I wonder what will be the winning solution for versioning.

npm and 260 char limit for path on Windows was driving me nuts.


Go's import system has tons of problems.

1) inconsistent syntax: import "github.com/fsouza/go-dockerclient"; docker.NewClient...

Notice how you import something with the trailing path being "go-dockerclient" but the actual package name is "docker"?

In npm, if you type x = require("foo"), you always refer to it as 'x.something'. You don't have to guess or read docs.

2) build flags. What the fuck? // +build fuckme

3) Canonical import paths. Double what the fuck? For those of you who don't know, if you have "github.com/foo/bar" but write 'package bar // import "github.com/google/bar"' then a user of your package will not be able to compile it unless they move it to the directory you gave.

Yeah, no joke.... I'm in awe at this stupidity

4) Poor project-based importing (something actually worse than virtualenv; nothing near as good as npm).

5) init side effects, e.g. look at how pprof works. Literally you do an underscore import and it mutates the behaviour of the http package. Thanks.


1) Yes, that is messed up, but that's just cause that package isn't following standard idiom

2) Build flags are very useful, on the verge of required, for some situations. For instance, code that needs seperate implementations for each os.

3) This is very useful for packages that may be on github, but served through an alternate path. If they import the github version, you are now stuck with github. If you move to self hosted git or something, their existing codebase won't know how to do an update, and will require a rewrite to use the new version.

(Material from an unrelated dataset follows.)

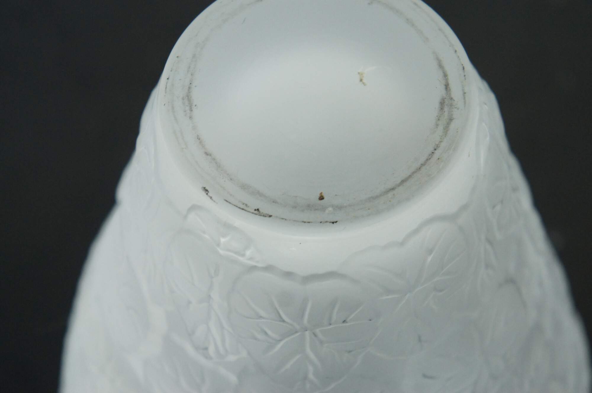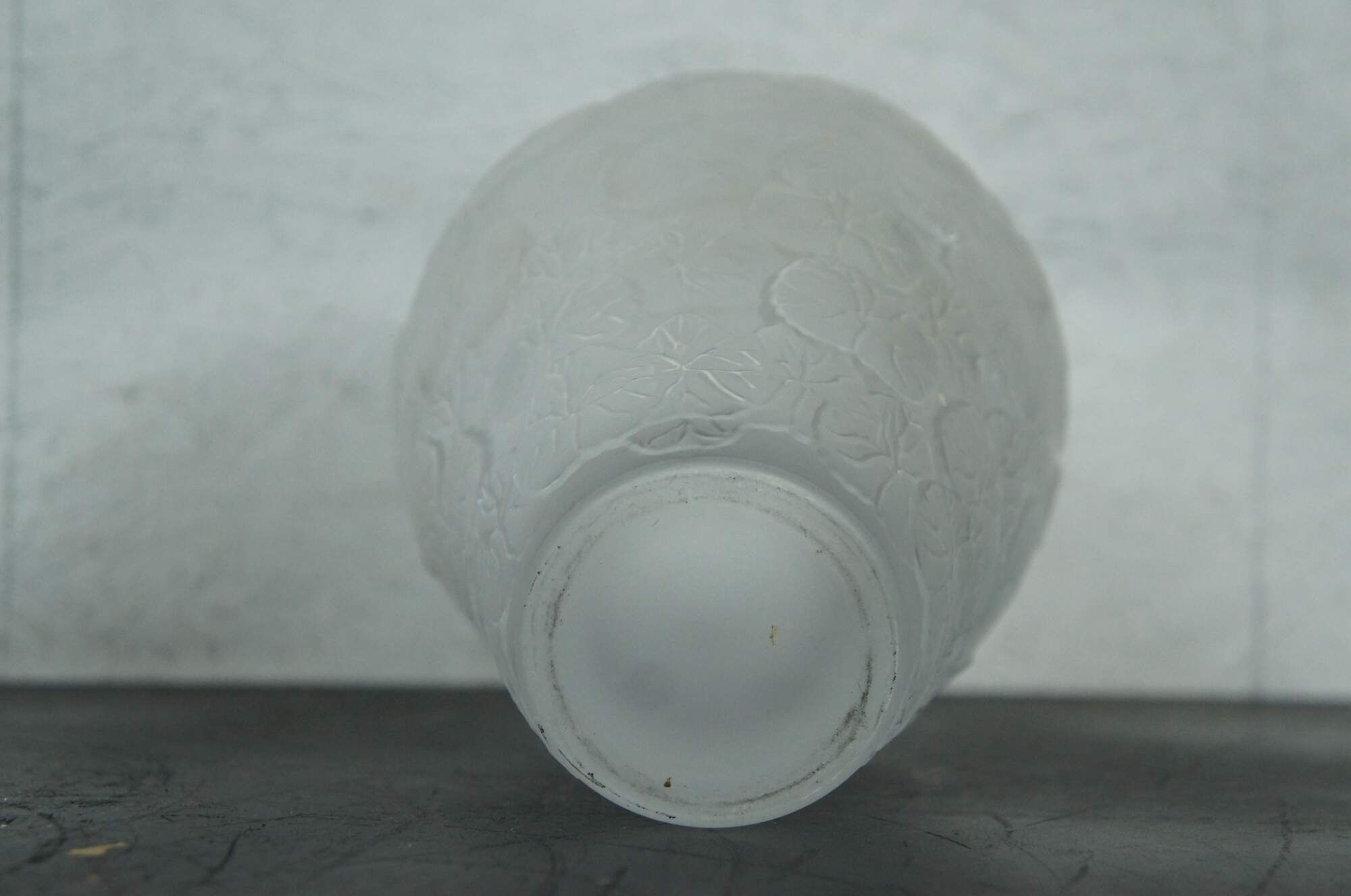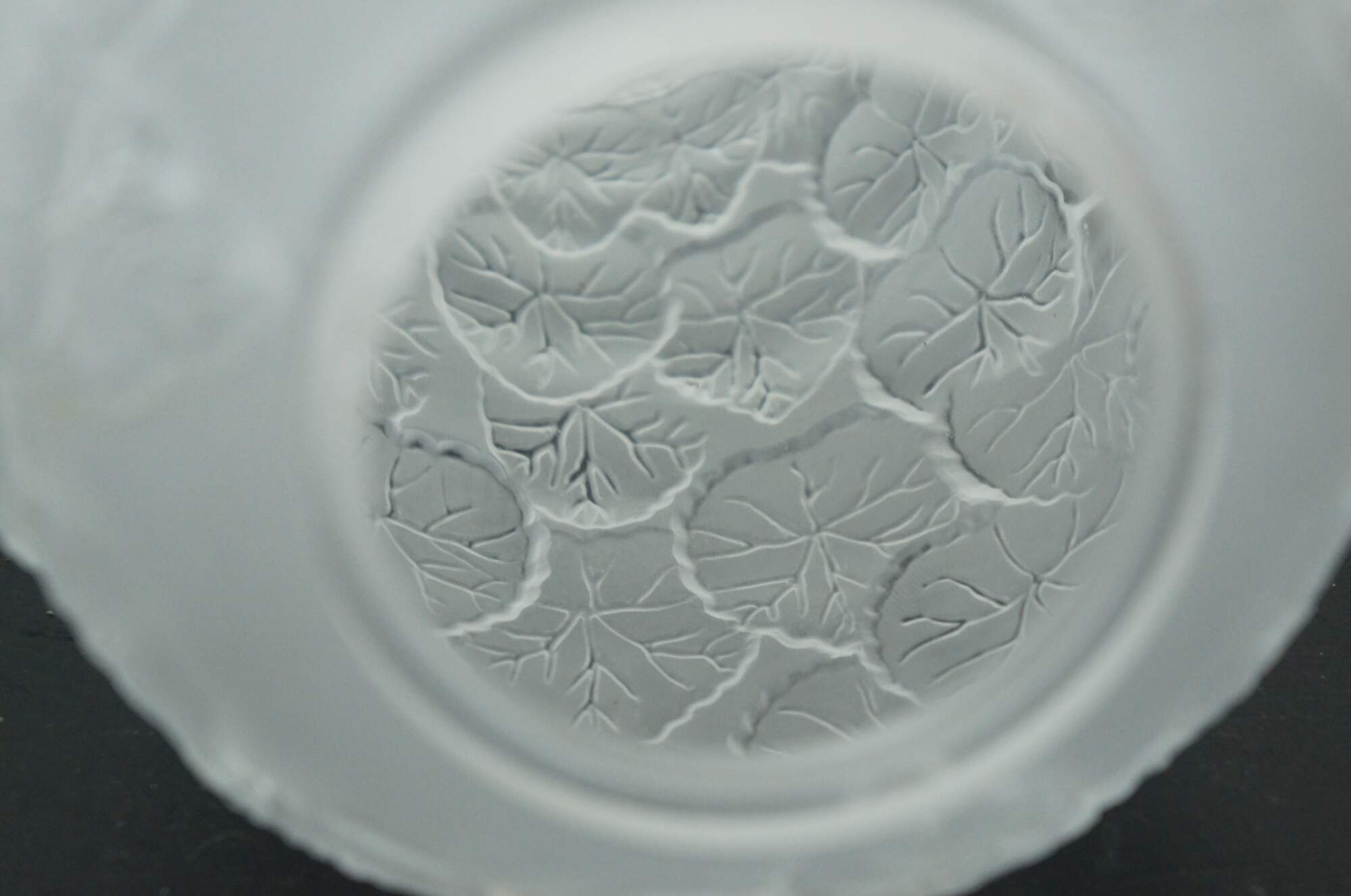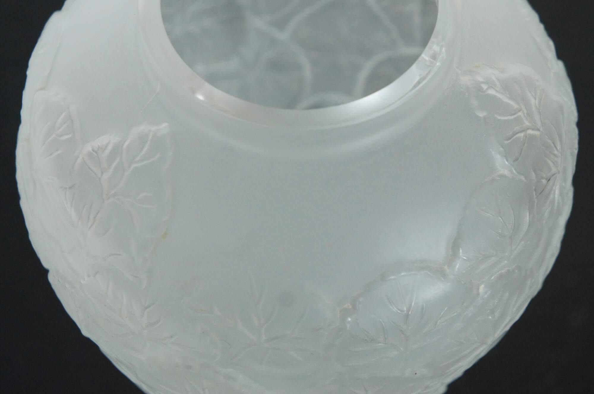 A large vintage Pheonix Consolidated frosted glass vase, featuring a round bulbbous top with a tapered base, molded with an overlapping pattern of heavily veined lotus leaves.

4) I'll be the first to admit it isn't the greatest, but, it's rendered mostly moot by the fact that you build single binaries. Deal with a slightly annoying import system in exchange for effortless deployments and not having to worry about libraries and such on the servers? Heck yeah!

5) I agree on this one, it should be something more like doing pprof.Register(*ServeMux) in an init in your program.


> I'd say Go is the benchmark in case of import system.

I prefer systems that (a) allow namespace nesting within a single package and (b) don't run arbitrary code on import (in Go's case, init()). The latter is particularly pernicious because systems that have arbitrary code execution on import have to define some kind of global ordering on imports (throughout the entire program!), since the order that packages get loaded in very much affects the program semantics. This is called the "static initialization order fiasco" in C++ and Go inherits it too.


> npm and 260 char limit for path on Windows was driving me nuts.

If you can upgrade, node 5/npm 3 fixed the by flattening out the node_modules folder as much as possible.


"As much as possible" would be doing node_modules/$PACKAGE-$VERSION for all packages (like e.g. Rubygems does). But instead they're doing node_modules/$PACKAGE and still nesting conflicting dependencies, so it's entirely possible to still run into the same issue.


note, Go does allow namespace pollution via dot imports, though they are ill-regarded by most of the community.


Sometimes you really do legitimately have a lot of static, global state. For instance, consider a program that needs to reference local, national, and/or global geography and its metadata, on a wide scale, randomly. All the countries have subdivisions, and subdivisions of subdivisions, and so on all the way down, which are all inter-referential. You can easily hit 100 MB of state that is essentially constant, and needs to be indexed 50 different ways for millions of function calls per user action that would access it.

Why not manage access to such things in a singleton class?


Singletons are fine, but it's almost always better to lazily initialize them rather than eagerly, to save on startup time. As a bonus, if you have no eager global initialization in your language, you can make import completely side-effect-free, which is a really nice simplification that I wish more languages adopted.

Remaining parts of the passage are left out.